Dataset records
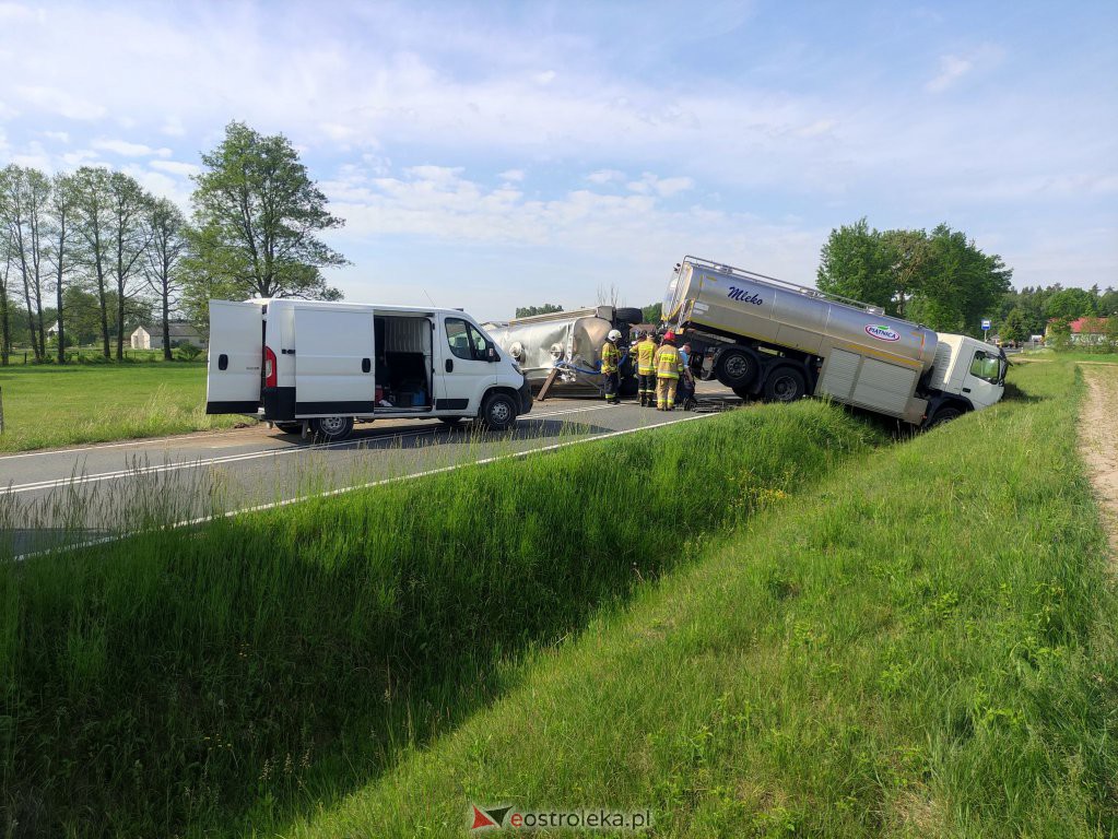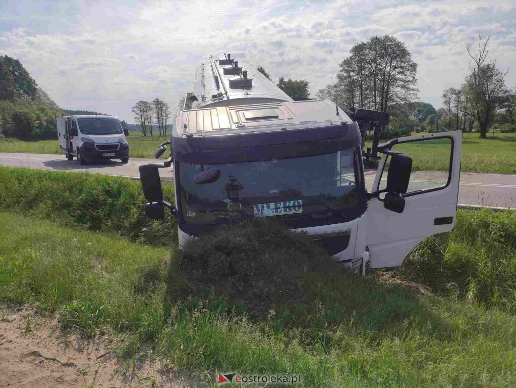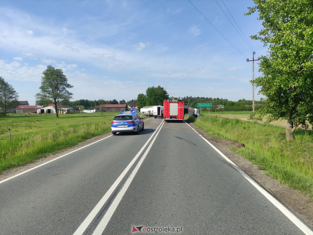 W miejscowości Zabiele Wielkie doszło w sobotę o poranku do niebezpiecznego zdarzenia. Kierujący cysterną z mlekiem z niewyjaśnionych przyczyn zjechał nagle na pobocze i wpadł do przydrożnego rowu. Cysterna z mlekiem doczepiona do ciężarówki wywróciła się na bok całkowicie blokując drogę. W wyniku zdarzenia nikt nie odniósł obrażeń.
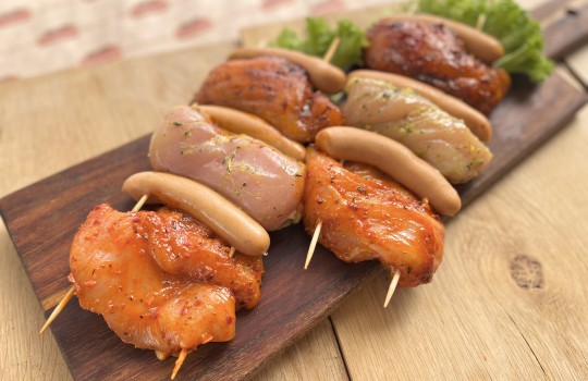 Det dobbelte grillspyd består af 3 stk. kyllingebryst med hver sin marinade adskilt af grillpølser. Når grillspyddet er grillet, deles det på langs, så der bliver til to grillspyd.
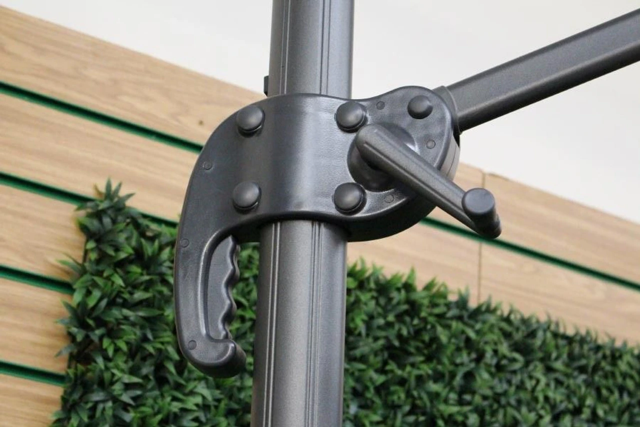 The Alexander Rose UH30 is a 18 spoke curved 3.0m cantilever parasol. As with the UHP it is easy to raise and lower the canopy with a crank handle mechanism. The canopy can be adjusted into 7 positions to give maximum shade from the sun. The parasol also has a foot operated pedal for 360º rotation. For use with the
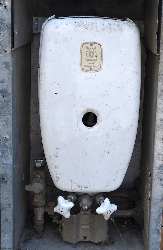 Oh, the things I found under the surface! Most delightful among these is this awesomely-awesome cool-cat, on-demand, hot water heater. Dig those knobs! I’m in love with this water heater. (Assuming it works, that is.)
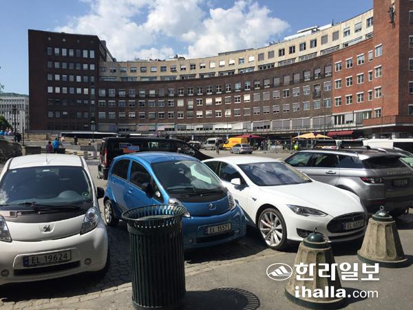 노르웨이 오슬로 시청사 앞에 세워진 전기차.
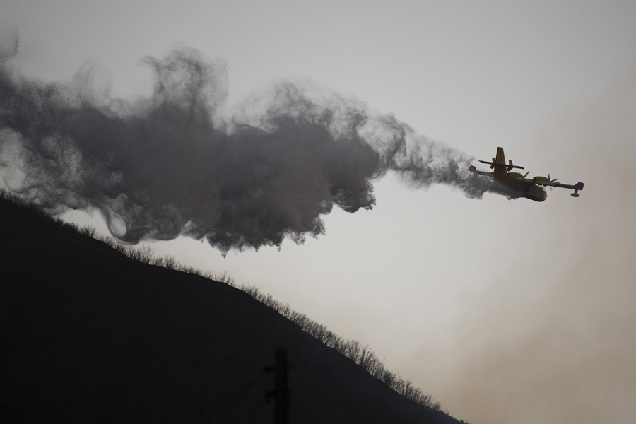 • A CL-415 SuperScooper firefighting aircraft, newly arrived to the Los Angeles County Fire Department on lease from the government of Quebec, drops water on the Warm Fire after sunset on August 16, 2015, in the Angeles National Forest north of Castaic, California.

The task: Output each record precisely as it appears, and drop every picture.

Task response:
 W miejscowości Zabiele Wielkie doszło w sobotę o poranku do niebezpiecznego zdarzenia. Kierujący cysterną z mlekiem z niewyjaśnionych przyczyn zjechał nagle na pobocze i wpadł do przydrożnego rowu. Cysterna z mlekiem doczepiona do ciężarówki wywróciła się na bok całkowicie blokując drogę. W wyniku zdarzenia nikt nie odniósł obrażeń.
 Det dobbelte grillspyd består af 3 stk. kyllingebryst med hver sin marinade adskilt af grillpølser. Når grillspyddet er grillet, deles det på langs, så der bliver til to grillspyd.
 The Alexander Rose UH30 is a 18 spoke curved 3.0m cantilever parasol. As with the UHP it is easy to raise and lower the canopy with a crank handle mechanism. The canopy can be adjusted into 7 positions to give maximum shade from the sun. The parasol also has a foot operated pedal for 360º rotation. For use with the
 Oh, the things I found under the surface! Most delightful among these is this awesomely-awesome cool-cat, on-demand, hot water heater. Dig those knobs! I’m in love with this water heater. (Assuming it works, that is.)
 노르웨이 오슬로 시청사 앞에 세워진 전기차.
 • A CL-415 SuperScooper firefighting aircraft, newly arrived to the Los Angeles County Fire Department on lease from the government of Quebec, drops water on the Warm Fire after sunset on August 16, 2015, in the Angeles National Forest north of Castaic, California.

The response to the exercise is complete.